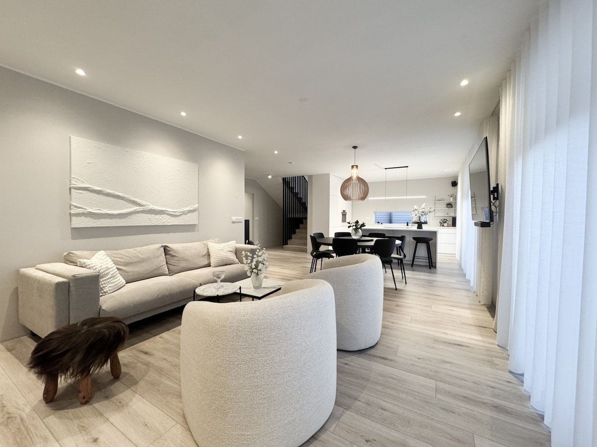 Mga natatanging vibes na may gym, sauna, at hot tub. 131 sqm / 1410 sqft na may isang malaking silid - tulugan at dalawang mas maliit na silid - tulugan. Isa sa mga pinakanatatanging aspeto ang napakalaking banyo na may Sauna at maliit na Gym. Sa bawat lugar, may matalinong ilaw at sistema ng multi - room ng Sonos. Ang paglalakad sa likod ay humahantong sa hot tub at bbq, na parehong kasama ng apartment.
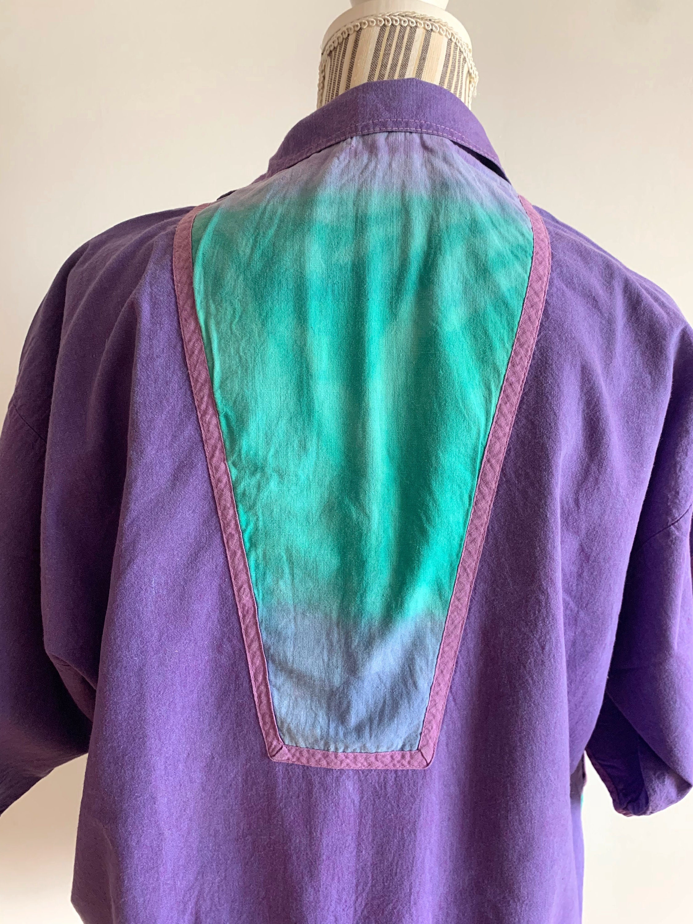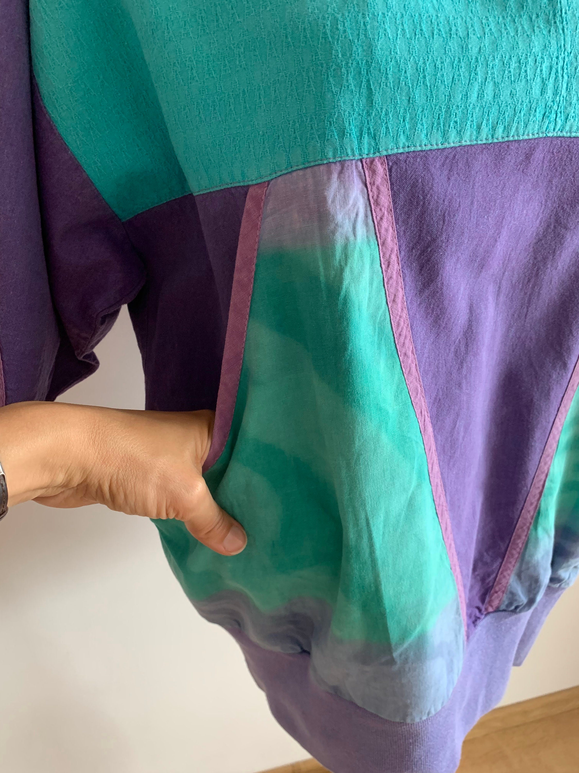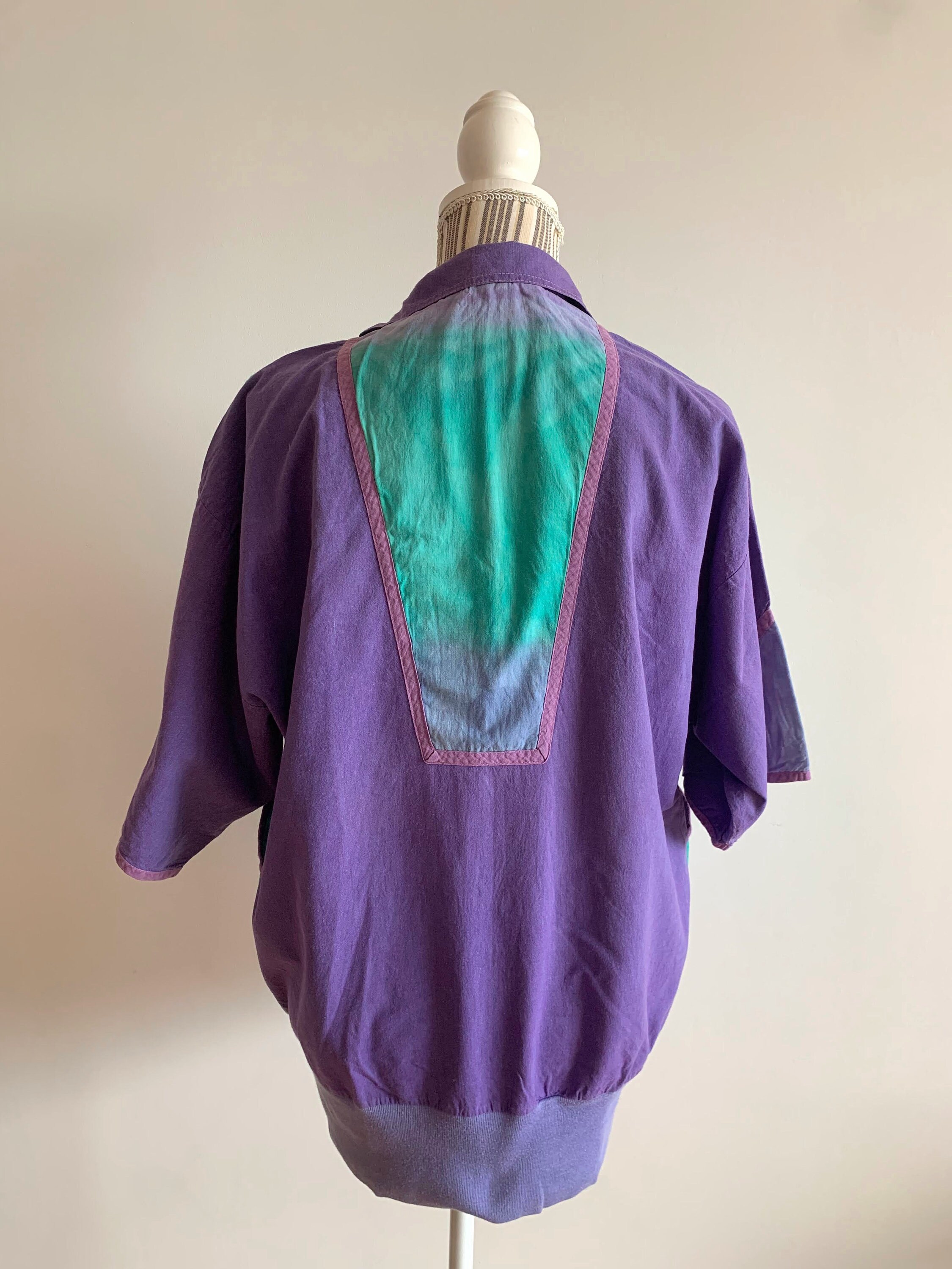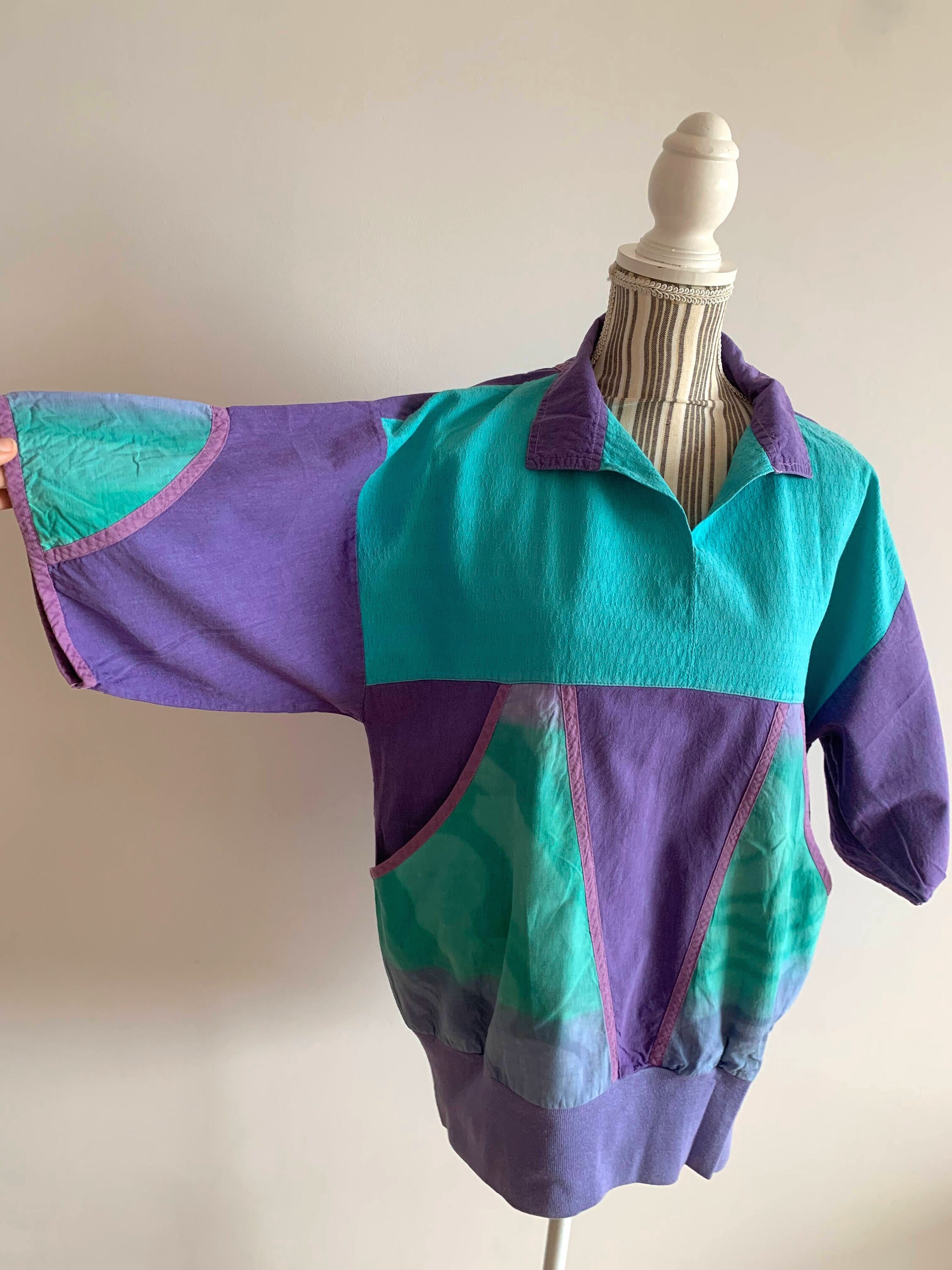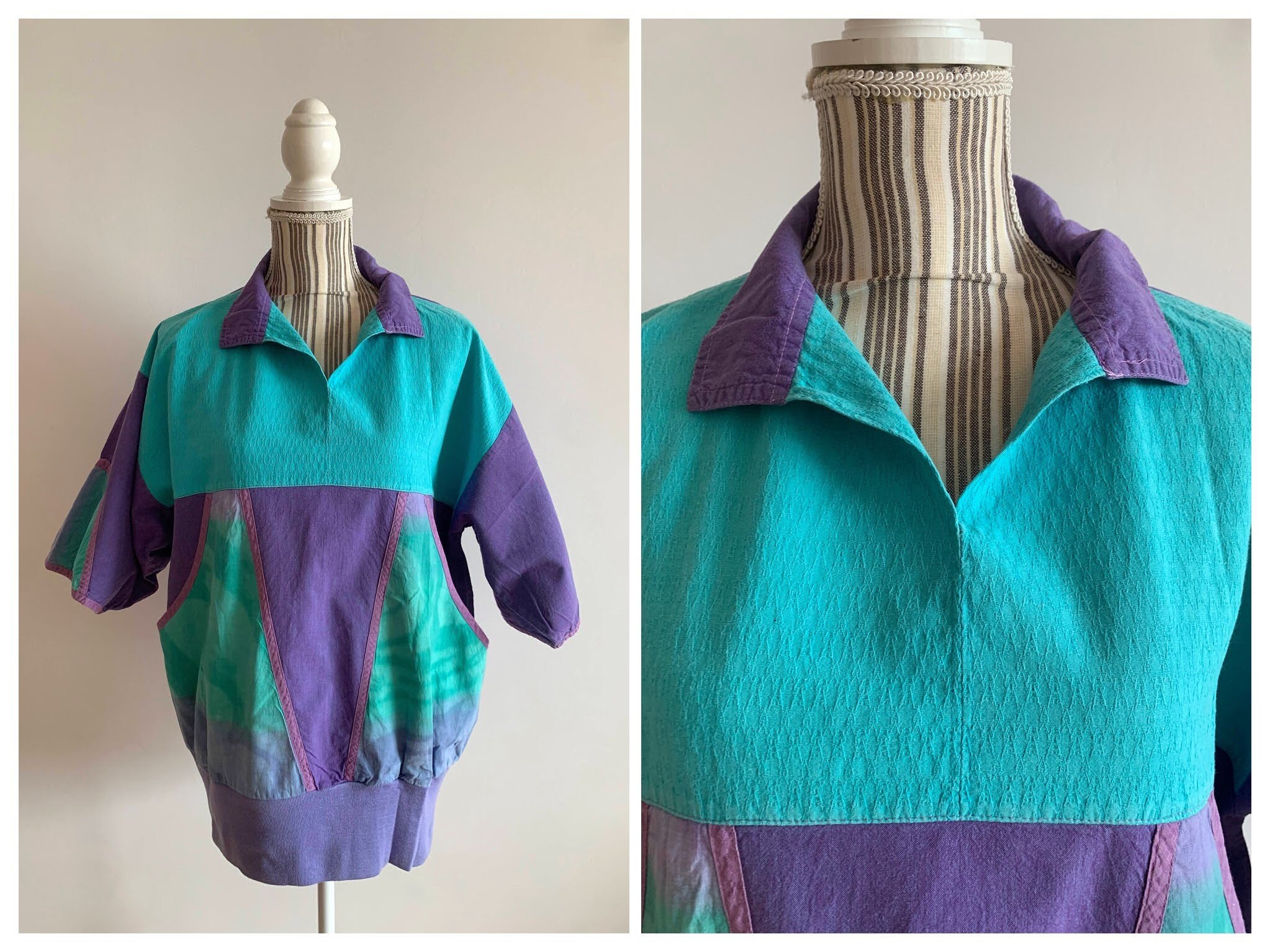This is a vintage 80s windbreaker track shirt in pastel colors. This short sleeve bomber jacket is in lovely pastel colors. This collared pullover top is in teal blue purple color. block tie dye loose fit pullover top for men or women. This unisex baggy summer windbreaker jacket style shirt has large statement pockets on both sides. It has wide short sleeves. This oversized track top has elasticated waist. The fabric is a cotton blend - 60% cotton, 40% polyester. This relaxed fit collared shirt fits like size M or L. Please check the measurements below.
--
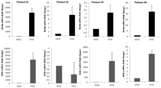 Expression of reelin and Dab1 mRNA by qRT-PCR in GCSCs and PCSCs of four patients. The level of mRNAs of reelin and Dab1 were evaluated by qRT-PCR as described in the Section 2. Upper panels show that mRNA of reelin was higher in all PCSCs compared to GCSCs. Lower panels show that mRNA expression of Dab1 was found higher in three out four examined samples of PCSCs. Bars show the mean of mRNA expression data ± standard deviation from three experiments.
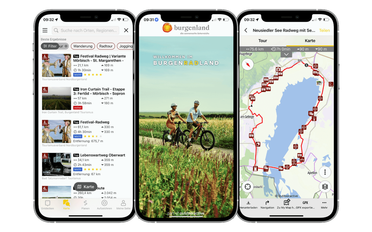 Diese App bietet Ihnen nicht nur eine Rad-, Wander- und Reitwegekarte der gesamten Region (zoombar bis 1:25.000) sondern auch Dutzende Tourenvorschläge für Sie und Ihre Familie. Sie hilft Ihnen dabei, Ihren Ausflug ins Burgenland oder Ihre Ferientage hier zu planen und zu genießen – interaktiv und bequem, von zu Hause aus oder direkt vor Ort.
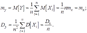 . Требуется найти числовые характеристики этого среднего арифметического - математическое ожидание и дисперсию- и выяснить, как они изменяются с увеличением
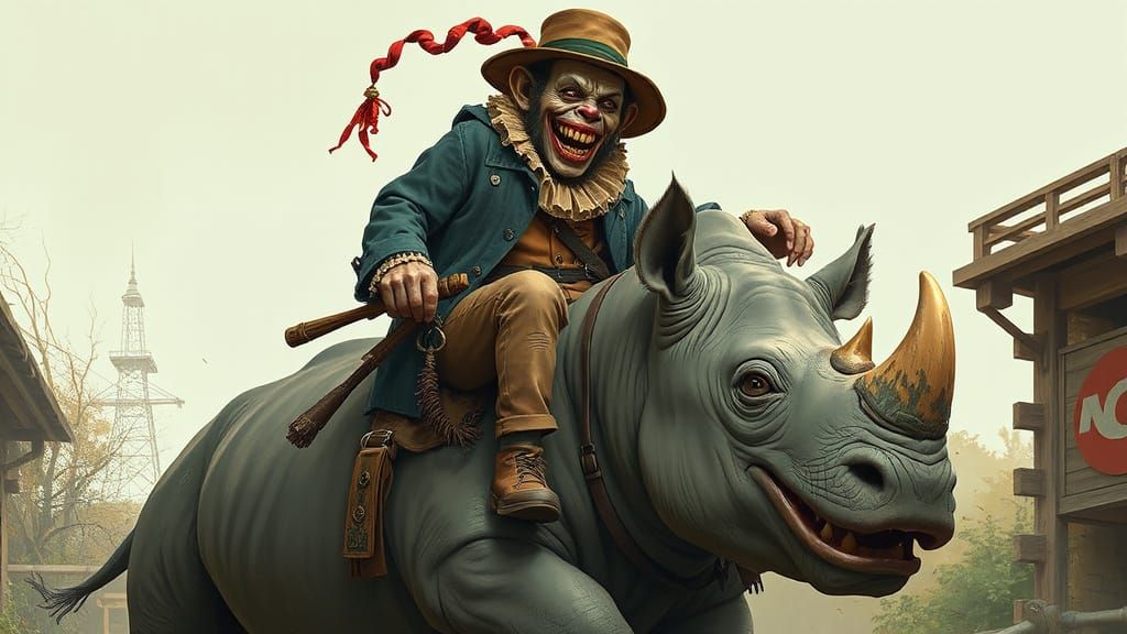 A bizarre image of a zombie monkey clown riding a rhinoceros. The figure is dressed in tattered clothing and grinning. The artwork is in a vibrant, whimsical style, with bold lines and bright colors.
* * *
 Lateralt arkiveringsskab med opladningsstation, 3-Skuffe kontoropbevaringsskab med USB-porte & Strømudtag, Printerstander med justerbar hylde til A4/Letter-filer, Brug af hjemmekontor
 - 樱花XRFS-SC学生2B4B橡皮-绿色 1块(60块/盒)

### [Work required]
Produce an exact reproduction of the listing above, limited to the lines starting at the line with "Expression of reelin" and ending at the line with "Diese App bietet", both kept, with every picture left out.

### [Task solution]
 Expression of reelin and Dab1 mRNA by qRT-PCR in GCSCs and PCSCs of four patients. The level of mRNAs of reelin and Dab1 were evaluated by qRT-PCR as described in the Section 2. Upper panels show that mRNA of reelin was higher in all PCSCs compared to GCSCs. Lower panels show that mRNA expression of Dab1 was found higher in three out four examined samples of PCSCs. Bars show the mean of mRNA expression data ± standard deviation from three experiments.
 Diese App bietet Ihnen nicht nur eine Rad-, Wander- und Reitwegekarte der gesamten Region (zoombar bis 1:25.000) sondern auch Dutzende Tourenvorschläge für Sie und Ihre Familie. Sie hilft Ihnen dabei, Ihren Ausflug ins Burgenland oder Ihre Ferientage hier zu planen und zu genießen – interaktiv und bequem, von zu Hause aus oder direkt vor Ort.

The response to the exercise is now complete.